33-year-old Trina Merry camouflages her models with city landscapes, including the Manhattan Bridge and Empire State Building.
“This is kind of my way of connecting with the city and trying to understand it a little bit better,” she says.
Her art form is the result of a meticulous process that relies on models to hold their pose perfectly still for hours, even with the distraction of passers-by on busy city streets.
"A big misconception that people have is that I'm just a street performer when I make work outside of the studio, and I've had people come up and try to give me money and I always say, no, thank you. This is art, it's free for everybody," she says.
Model, Jessica Mellow is wearing only bikini bottoms and a pair of running shoes.
"It feels great to be painted, it's actually really exciting and you feel the transformation process. The brush itself, it's really soft. It feels more like a massage," she says.
Merry says it takes about six hours to complete a work, which is preserved in photographs before it is quickly washed away.
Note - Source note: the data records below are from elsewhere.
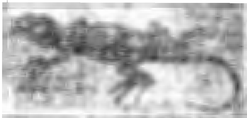
الخردون ﴿ Agama stellio ﴾

ضرب من الزحافات اعظم من العظابة واعتمت ويعرف في سيناء بقاضي الجبل ومن انواعه الخردون الا في ذكره قال ابن سيده « العصفرة ذئب واصلب منها ( اي العظابة ) وانزاعه واعظم وقيل العصفرة الفحمة المريضة وقيل هو ذكر العظابة وضرب من العظامة وليس يذكر وهو اكبر منها » . وفي لسان العرب « العصفرة ذئب يضاء ناعمة ويقال العصفرة ذكر العظامة وقيل هو ضرب من الضفادع وقيل هو ذئب يسمى السودة يضاء ناعمة انتهى » . وربما كان العصفرة هو الحيوان المسمى ( Agama ) تتد العظامة وانواعه كثيرة منها الخردون الا في ذكره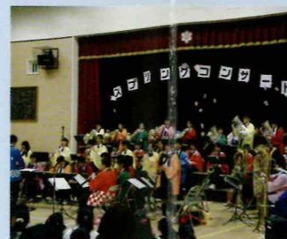
PTA 〈スプリングコンサート〉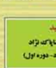
شهید دکتر سید رضا پاکت نژاد (نماینده بروجرد - دوره اول)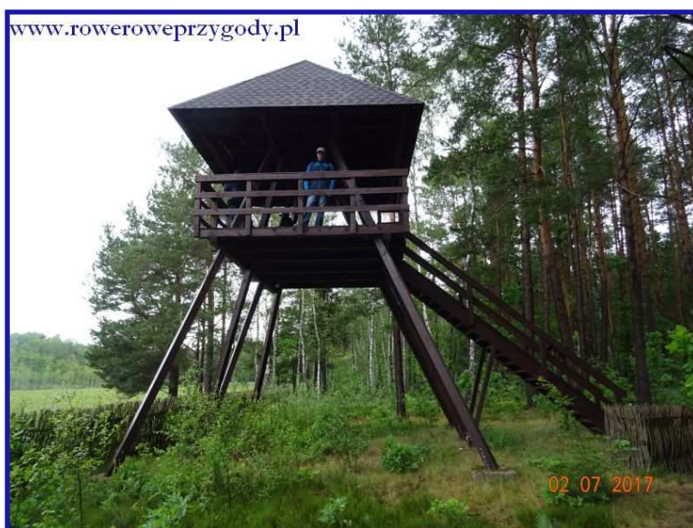
Zdjęcie nr 8 - Wieża widokowa na wschodnim skraju torfowiska „Durne Bagno”

Jak możemy wyczytać na tablicy informacyjnej, znajdującej się przy wieży, torfowisko wysokie jakim jest „ Durne Bagno ” w okresie wiosennym gromadzi znaczną ilość wody, dzięki czemu pęcznieje i wznosi się w środkowej części, tworząc kopulastą formę. Natomiast obrzeża ulegają podtopieniu.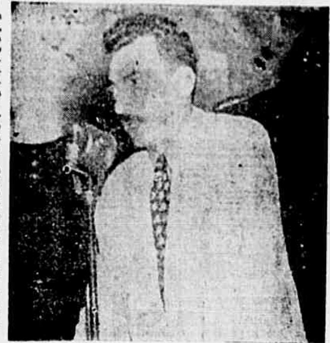
Deputado Jorge Amado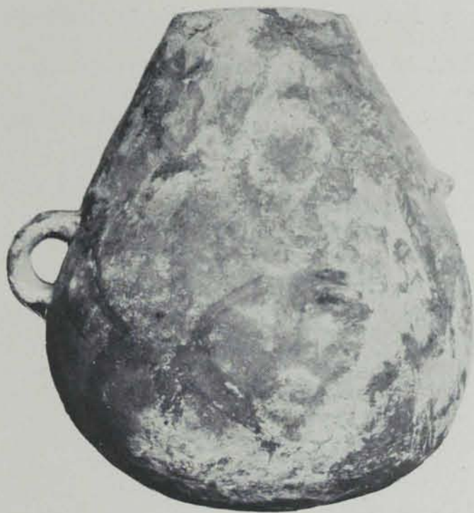
Fig. 18. — Vas d'un sepulcre de Vich

servà, ajagut en posició supina i amb les cames doblegades, de manera que els genolls quedaven en alt i les plantes dels peus s'apoiaven en el sol; el cadàver jeia d'E. a W., amb el cap a llevant. A la seva esquerra es trobà una bella destrala polida, de fibrolita (2), forma trapetzoidal. A la dreta aparegueren dues destrals petites de pedra, trapetzoidals, també de fibrolita, l'una trencada per la part més estreta (0'040 i 0'042 m. respectivament), dues escarpres de forma cilíndrica, de quarçita (0'050 i 0'057 m.), i tres bells ganivets i un fragment d'un quart, tots de sílex i d'excel·lent factura (els dos sencers tenen una llargada de 0'075 i 0'076 m.). A més, es trobà un collar fet de grans de malaquita, que no sabem si estava plegat amb els altres objectes de la dreta del cadàver o si era al coll d'aquest (fig. 21). Els que descobriren el sepulcre diuen que no trobaren res de ceràmica.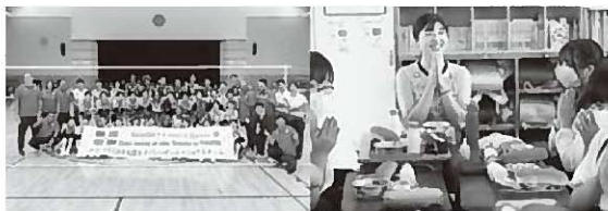
海外代表チームの強化合宿受入 (写真:ドミニカ共和国ナショナルチーム)

岡山シーガルズは国内バレーボール競技のトップカテゴリーであるSVリーグに所属するチームの中でも数少ない地域密着型市民クラブチームです。競技活動以外にもバレーボール教室や各種啓発活動をはじめ年間200回にも及ぶ地域活動に積極的に取り組んでいます。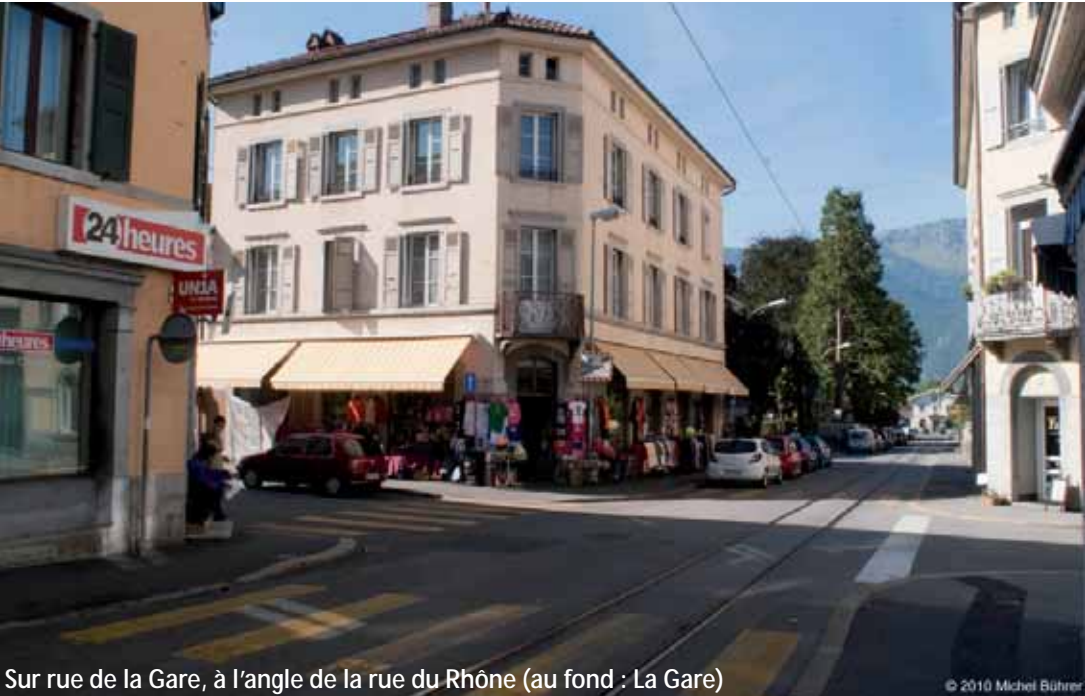
Sur rue de la Gare, à l'angle de la rue du Rhône (au fond : La Gare)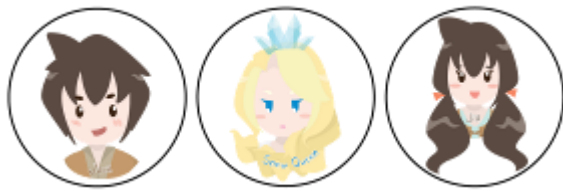
Gambar 15. Gantungan Kunci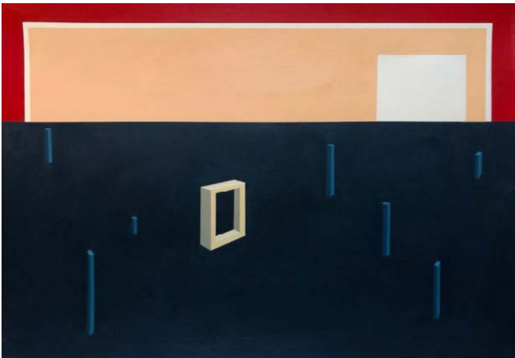
Nicolas PONCET - Fever Dream- 42X29,7 - Acrylique sur papier à grain toilé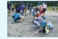
国際海洋環境保全活動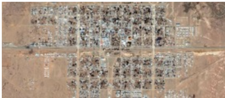
Figura 7. Fotografía aérea de Abra Pampa.

la manzana situada al norte de la plaza para la Iglesia y la ubicada al este, para juzgado municipal, cárcel, policía y escuela; en el extremo sudoeste de la plaza se colocó el mercado municipal y en el segundo módulo hacia el oeste a partir de donde se ubicó la iglesia, se planificó la casa parroquial. De este modo, quedó conformado el tejido de la ciudad donde los edificios cívicos y la iglesia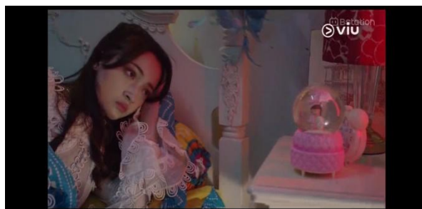
Gambar 3 Kamar Naya

Berikut adalah gambar yang menunjukkan adanya latar kamar Naya.

Merry carefully checks weather forecasts to make sure there is no chance of rain.
"There's only one angle and one place where you can take this photograph, and I have to keep running back and checking and making sure that I'm lining up everything," she says.
New York City's relatively liberal laws that allow a woman to stand topless in the middle of a busy street help the process, but police intervention still needs to occasionally be dealt with.
But she says the end result is always worth the trouble.